For many businesses and organizations, the challenge is not in formulating good strategies, rather, it is in executing their well-crafted strategies.
Of course, this does not imply that bad strategies do not exist. They do. Business literature is filled with many stories of organizations that went bust because they got so good at implementing bad strategies.
Although reasons for poor strategy execution are many, one of them is poor organization alignment.
Think of your organization as a chain link system with disparate parts functioning as links and working together to achieve the stated objectives.
These links are both internal and external to the organization.
If one link is broken or weak, then the strength of the entire chain link is compromised. In this case, it will not help you to ignore the weak link and focus resources and effort on some of the links.
After the enterprise strategy has been developed and value proposition defined, and approved by the board, aligning the company’s headquarters, business units, support units, external partners, and boards with the strategy is critical.
When the priorities and activities of your internal teams and external partners are aligned with enterprise strategy, it creates additional sources of value.

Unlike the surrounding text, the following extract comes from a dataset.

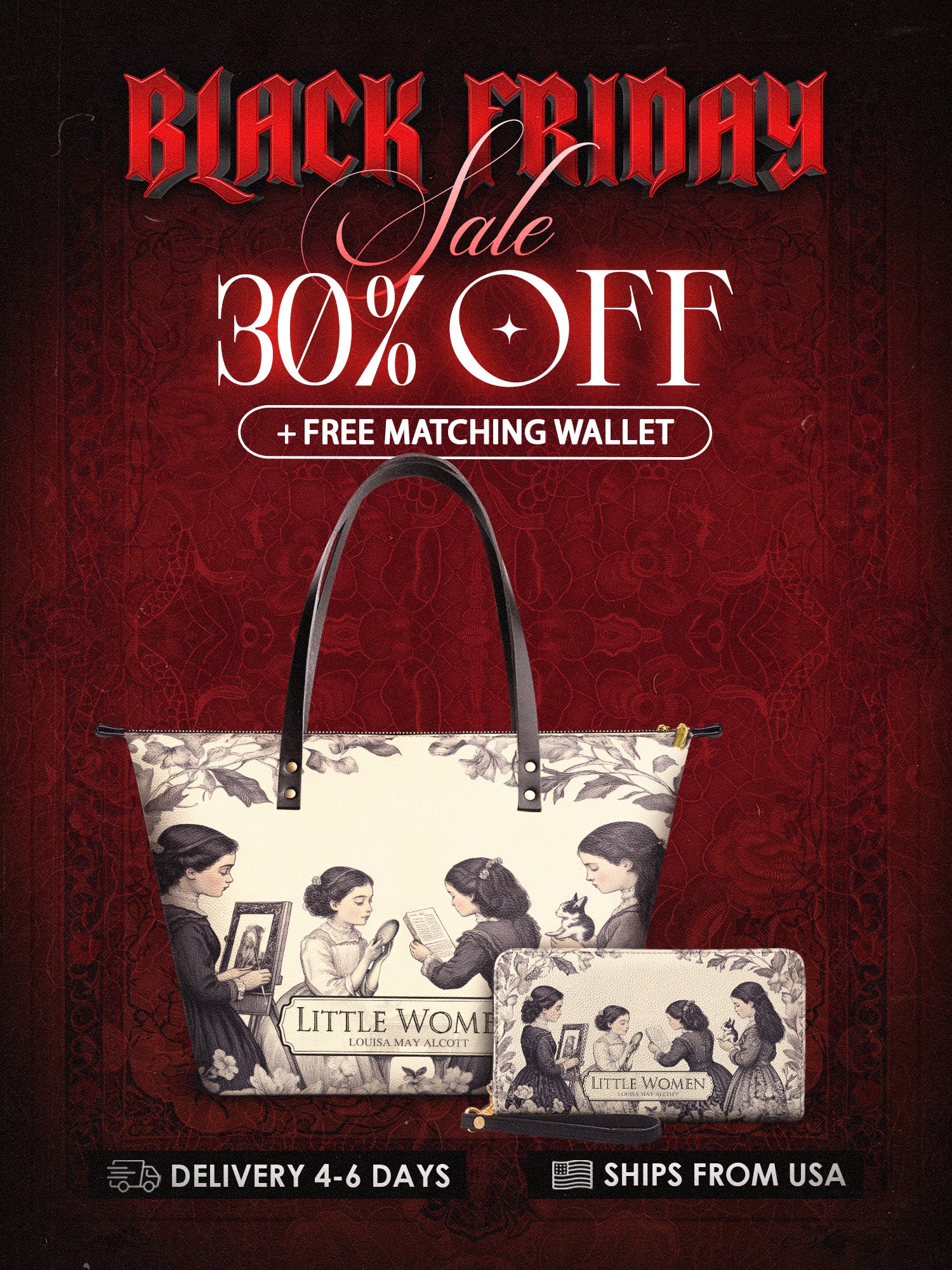 This Little Women Leather Tote is classic, timeless, and full of heart—just like the story. The vintage-style design captures the March sisters in a soft, floral setting, each lost in their own world of art, books, and dreams. It’s elegant, cozy, and made for kindred spirits. Crafted from high-quality leather with sturdy black handles and gold hardware, this tote is perfect for book lovers, romantics, and anyone who treasures sisterhood and storytelling.
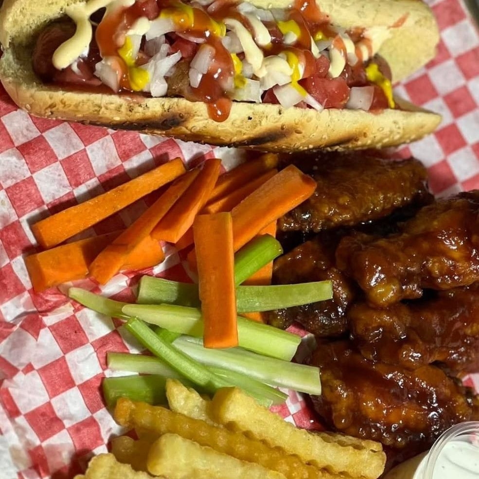 Hot Dog Especial*1 + Media Orden Papas a la Francesa*1 + Alitas BBQ (6pzs)*1

Unfortunately, aligning disparate business units to create value at the enterprise level often receives less attention than creating value at the business unit level.
There is more focus on business units, with their distinct products, services, customers, markets, technologies, and competencies.
And this lack of alignment results in poor strategy execution results.
In a rowing race, alignment stands between victory and defeat. Rowers in concert push against the water with oars in turn generating enough force to move the boat.
Oars aligned at the same angle, enter and exit the water at the same time, the same force being exerted with each oar stroke. If one of the oars goes in the water even a microsecond late or early, the boat will experience tilts, turns, and drag.
A rower is therefore taught to focus and ensure each stroke is in line with that of the rest of the team.
A small difference in alignment between the crew would mean that the team would not perform at its highest potential, and likely would lose the race. The longer the race, the more costly the compound effects of misalignment over time.
In business too, people, processes, technology, systems and culture ought to be aligned to drive strategic success. If disparate business units are managed somewhat separately, the organization can get stuck in a low-effectiveness state.
To unstuck yourself from misalignment, first identify the bottlenecks and address them directly. Don’t tip-toe around the issues. It takes leadership and willingness to absorb short-term losses in the quest for future gains.
Thus, leadership has a critical role to play in managing tensions between the need for decentralized autonomous action and the need for centralized direction and coordination.
When no one is responsible for overall organization alignment, the opportunity to create value through synergy can be overlooked.
Whenever plans are changed at the enterprise or business unit level, executives likely need to realign the organization with the new direction.
Ensuring organization alignment is not a once-off exercise. This must be managed as a continual process. Continually search for ways to make the whole more valuable than sum of its parts.
Plus, it’s not enough to talk the talk. The alignment strategy must be complemented with an alignment process.